Diederik van Liere, Product Manager Analytics

(Update 9/19 20:20 PDT) We’ve temporarily taken down this data to make additional improvements to the anonymization protocol related to the search queries.

Improving the accuracy of the active editors metric

We are making a change to our active editor metric to increase accuracy, by eliminating double-counting and including Wikimedia Commons in the total number of active editors. The active editors metric is a core metric for both the Wikimedia Foundation and the Wikimedia communities and is used to measure the overall health of the different communities. The total number of active editors is defined as:

the number of editors with the same registered username across different Wikimedia projects who made at least 5 edits in countable namespaces in a given month and are not registered as a bot user.
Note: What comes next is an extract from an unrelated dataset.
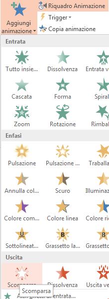 Nel gruppo Animazione avanzata della scheda Animazioni fare clic su Aggiungi animazione e andare in basso fino a Esci. Da qui è possibile selezionare l'animazione desiderata, ad esempio Scomparsa .

This is a conservative definition, but helps us to assess the size of the core community of contributors who update, add to and maintain Wikimedia’s projects.

The de-duplication consists of two changes:

  1. The total active editor count now includes Wikimedia Commons (increasing the count).
  2. Editors with the same username on different projects are counted as a single editor (decreasing the count).

The net result of these two changes is a decrease of the number of total active editors averaging 4.4% over last 3 years.

De-duplication of the active editor count only affects our total number of active editors across the different Wikimedia projects, the counts within a single project are unaffected. We’ve also begun work on a data glossary as a canonical reference point for all key metrics used by the Wikimedia Foundation.